Analysis of Most Prevalent Clinical Features Associated with Posterior Fossa Tumors
Journal Title: International Journal of Contemporary Medicine surgery and Radiology - Year 2018, Vol 3, Issue 1
Abstract
Introduction: Tumors of the brain are regarded as one of the most devastating group of neurological diseases which are associated with significant neurological morbidity, they lead to progressive physical, cognitive and emotional dysfunction and are frequently fatal. Clinical evaluation, radiology and pathology play big role in deciding the long term prognosis. The present study was undertaken to analyze the most prevalent clinical features of various posterior fossa tumours. Material and methods: The present study was carried out among 30 patients who underwent MRI at our institute, diagnosed to have posterior fossa tumours and underwent surgery from April 2009 to March 2010 were included in the present study. All the patients were evaluated clinically before undergoing MRI evaluation. Findings on histopathological examination were noted. All the data will be expressed in percentages. Results: Commonest age group in schwannoma and meningiomas was 5th decade, cerebellar astrocytomas was 4th decade, ependymoma and medulloblastomas was 1st decade. Extra axial tumours constitute 56.67% ahead of intra axial tumours accounting 43.33% of the total posterior fossa tumours.
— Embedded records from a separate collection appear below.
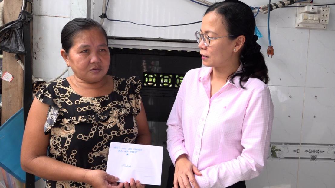Bí thư Đảng ủy, Chủ tịch HĐND xã An Phú Quách Tố Giang thăm gia tốc mái nhà
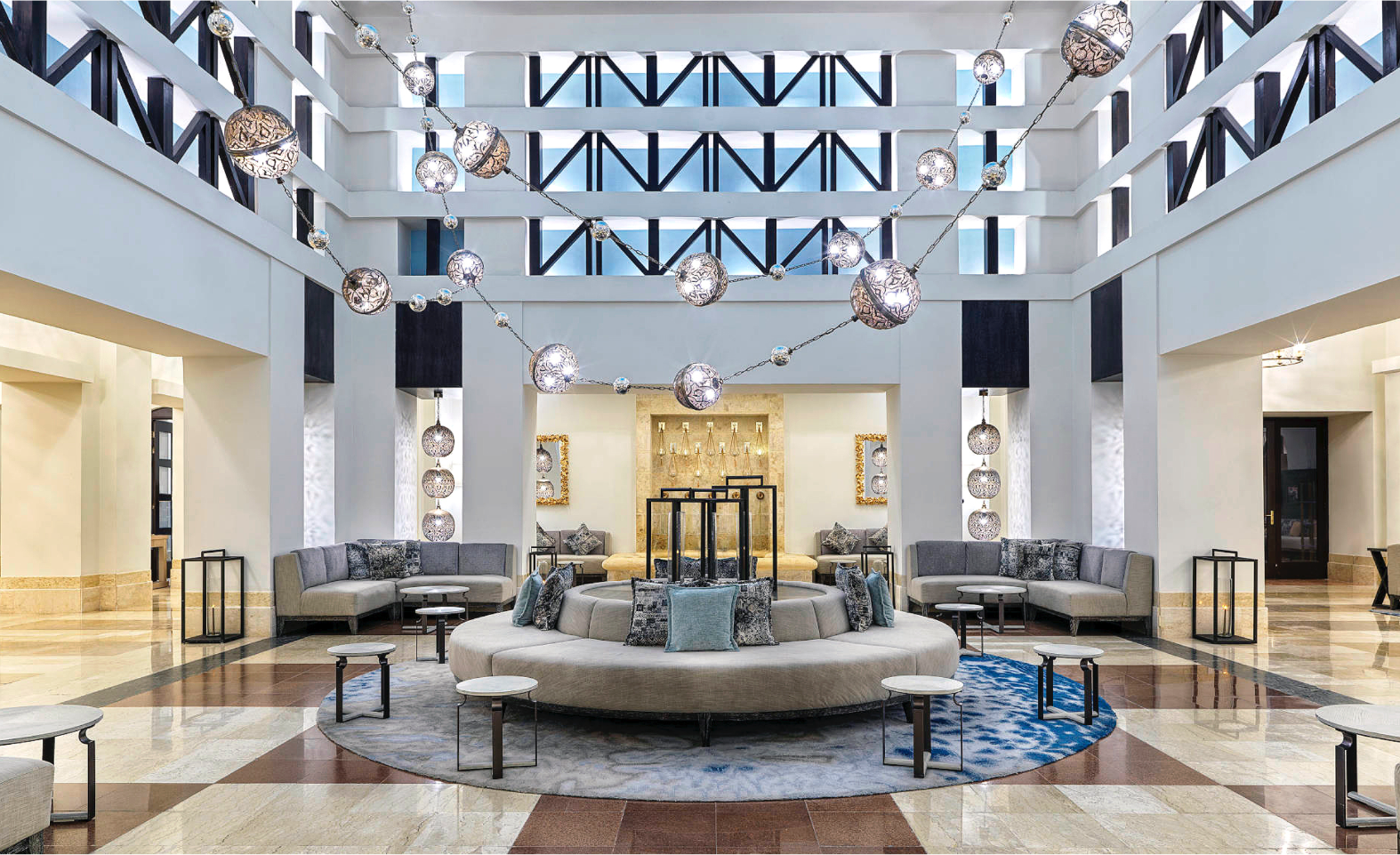 The hotel’s bold tone palette, where its brick colored facade along with beige and blue accents reflect the amity between the sea, deserts and mountains, transporting you to the vibrant color combinations of the Nubian villages that lie amidst tropical greenery and blue waters.
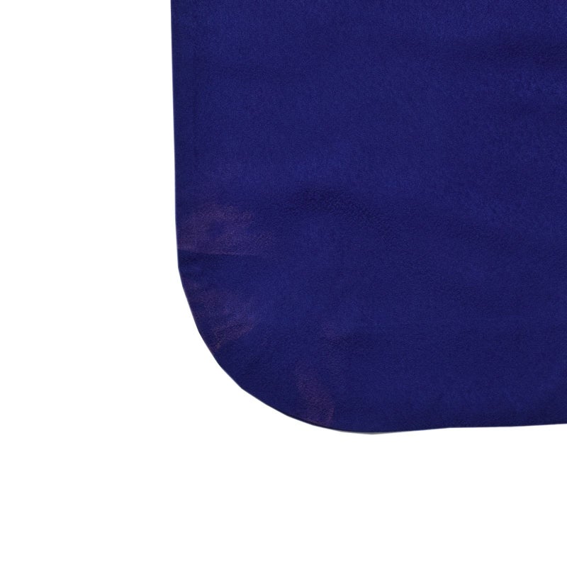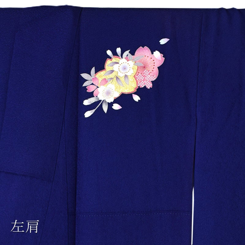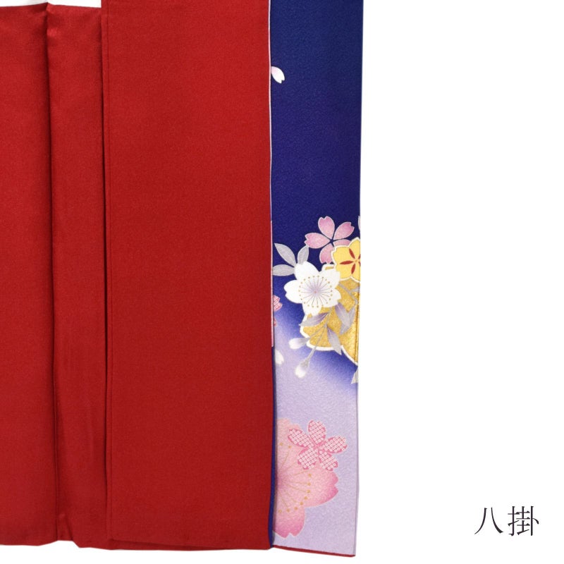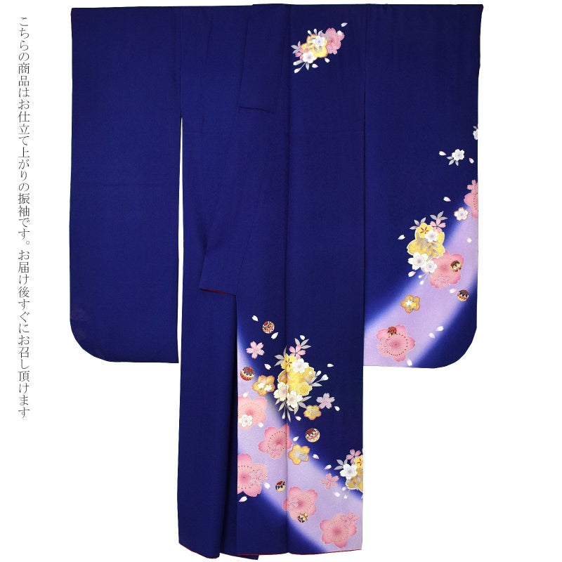 【色柄】あざやかな紫みの深い青の地、裾や袖に淡いパープルのぼかし。金彩やピンクの桜の花紋。白にピンクぼかし、黄色の花にグレーの葉の桜。黄色や赤、深紫の手鞠が散らされています。八掛は深い赤。
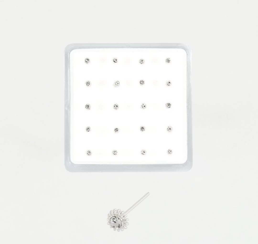 Sterling Silver clear gemset sunflower nose pins, with a straight back.
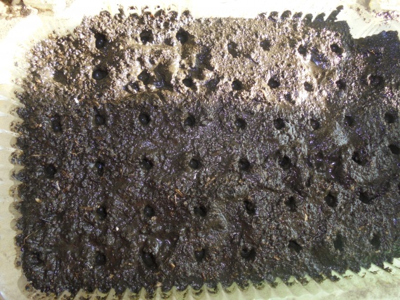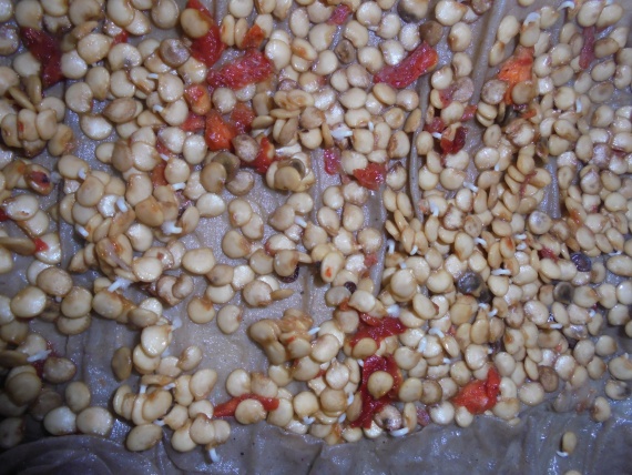 Грунт обильно поливаю и делаю углубления на расстоянии приблизительно 2 см друг от друга. Именно в такие отверстия и сею проклюнувшиеся семена перца. Как говорила моя бабушка «Сей в грязь — будешь князь». В сухую землю проклюнувшиеся семена совершенно опасно высевать, у меня уже был такой горький опыт, а вот в грязь то, что нужно.
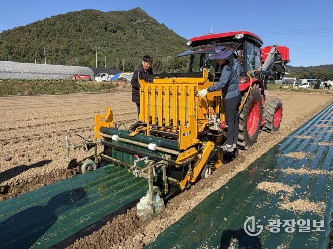 이날 연시회에서는 두둑 형성, 비닐멀칭, 파종, 농약 살포가 한 번에 가능한 마늘 복합파종기가 시연됐다.
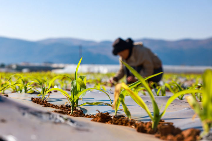 2026年2月1日,农户在云南省红河哈尼族彝族自治州开远市羊街乡的农田里管护发芽出土的玉米。新华社发(陶家淇 摄)
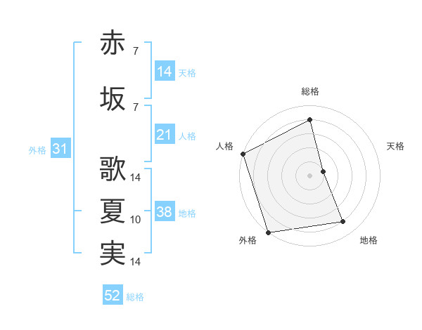 赤坂 歌夏実さんを姓名の画数から五運を鑑定
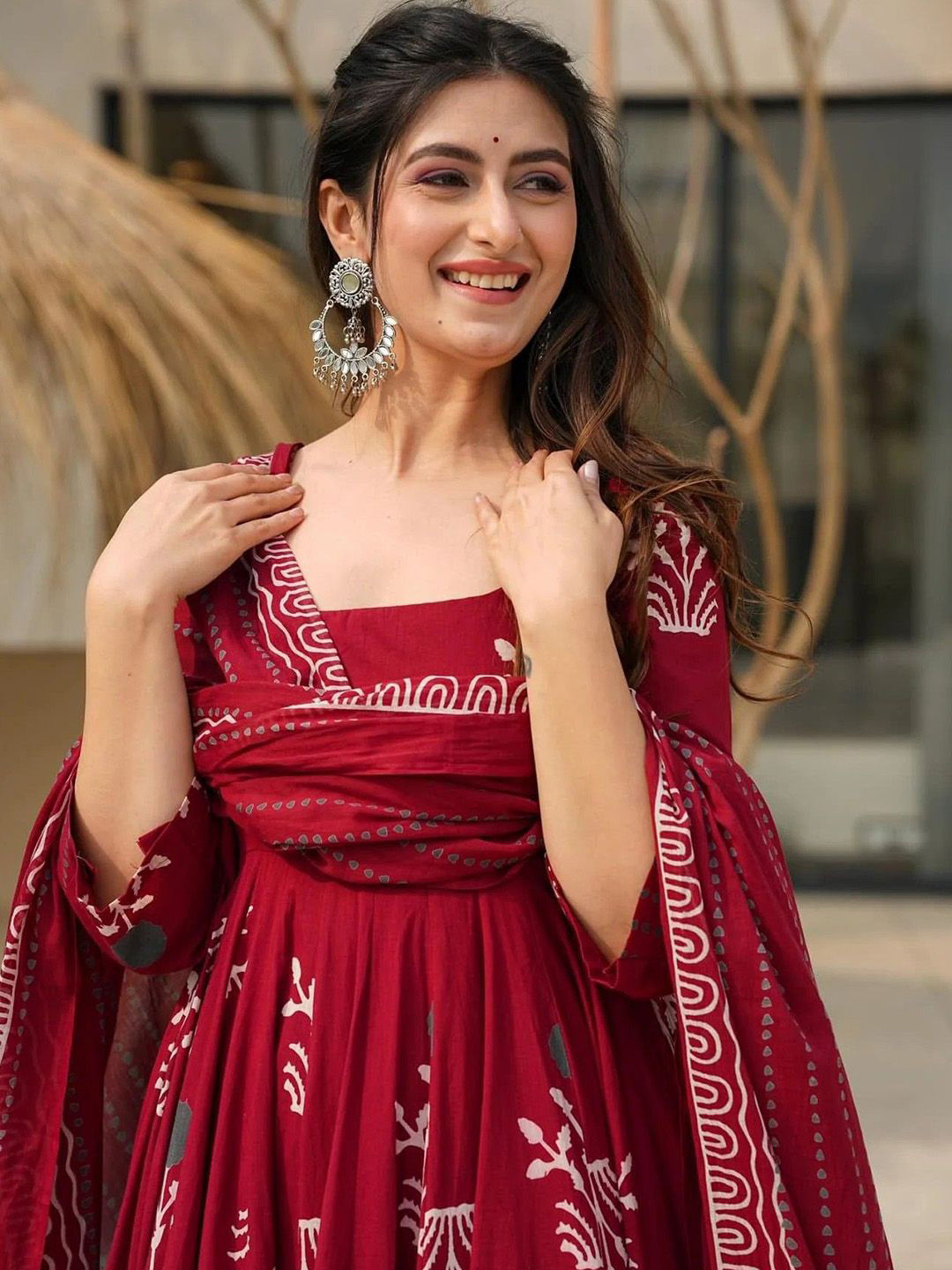 Red and Maroon color Salwar Kameez in Rayon fabric with Printed work

Commonest symptom in posterior fossa tumours was headache (26/30), followed by swaying (19/30), vomiting (15/30), Hearing loss (11/30) and tinnitus (9/30). Altered sensorium was noted in 2 cases. Conclusion: The present study concludes that among 30 cases of posterior fossa tumours, schwannomas was found to be the most common tumour encountered. Others include Meningioma, Haemangiopericytoma, epidermoid, cerebellar astrocytoma, ependymoma, medulloblastoma, haemangioblastoma and metastasis. Hearing loss, swaying and headache are the commonest presenting symptoms. Vomiting, giddiness, seizures and visual disturbances are the other common symptoms.